> **Exercise details**
Return the following data exactly, with all pictures left out.

======== Data provided

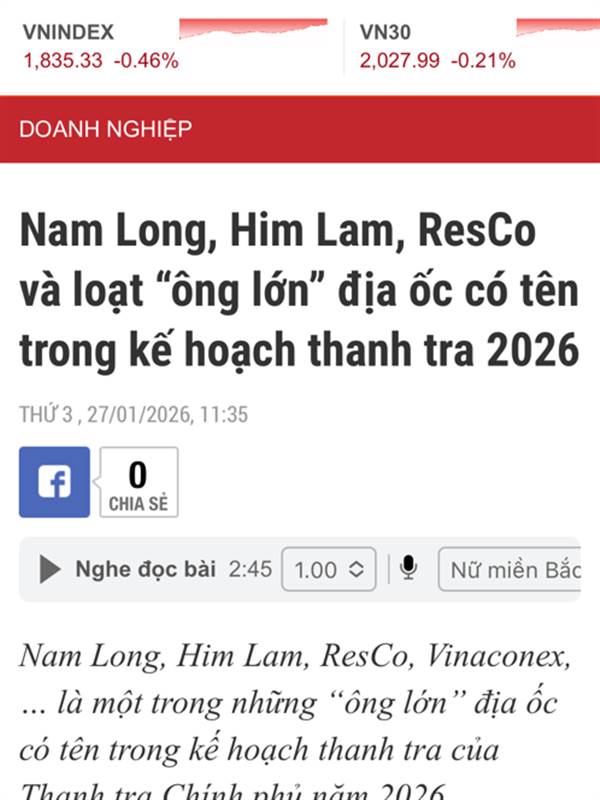 Phản hồi bài viết Nam Long, Him Lam, Saigonres và loạt “ông lớn” địa ốc có tên trong kế hoạch thanh tra 2026
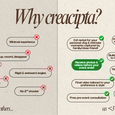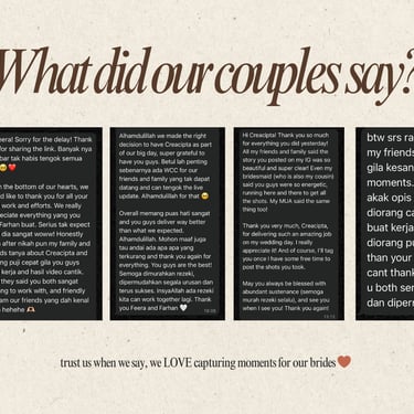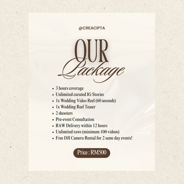 Kami di Creacipta membantu pasangan pengantin merakam detik bahagia mereka dalam gaya yang natural, spontan, dan penuh emosi sebenar β supaya selepas majlis, anda boleh terus mengimbau setiap kenangan tanpa stres fikir pasal upload atau edit!
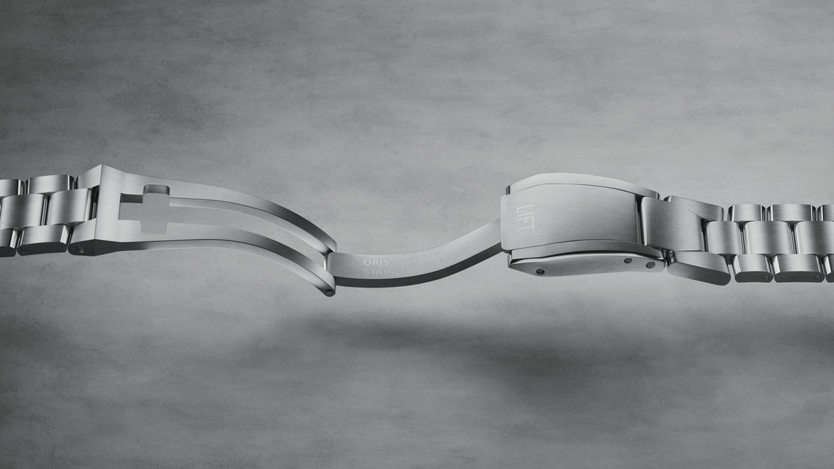 プロパイロットの象徴でもあるフルーティングベゼルは、ジェットエンジンのタービンを想起させる角度と造形で再設計されている。ダイナミックでありながら洗練された印象を与えるデザインである。また、飛行機のシートベルトのバックルに着想を得た「ORIS リフトクラスプ」も面取りを施すことで、より精緻で上質な仕上がりとなった。

================

> **Solved problem**
 Phản hồi bài viết Nam Long, Him Lam, Saigonres và loạt “ông lớn” địa ốc có tên trong kế hoạch thanh tra 2026
 Kami di Creacipta membantu pasangan pengantin merakam detik bahagia mereka dalam gaya yang natural, spontan, dan penuh emosi sebenar β supaya selepas majlis, anda boleh terus mengimbau setiap kenangan tanpa stres fikir pasal upload atau edit!
 プロパイロットの象徴でもあるフルーティングベゼルは、ジェットエンジンのタービンを想起させる角度と造形で再設計されている。ダイナミックでありながら洗練された印象を与えるデザインである。また、飛行機のシートベルトのバックルに着想を得た「ORIS リフトクラスプ」も面取りを施すことで、より精緻で上質な仕上がりとなった。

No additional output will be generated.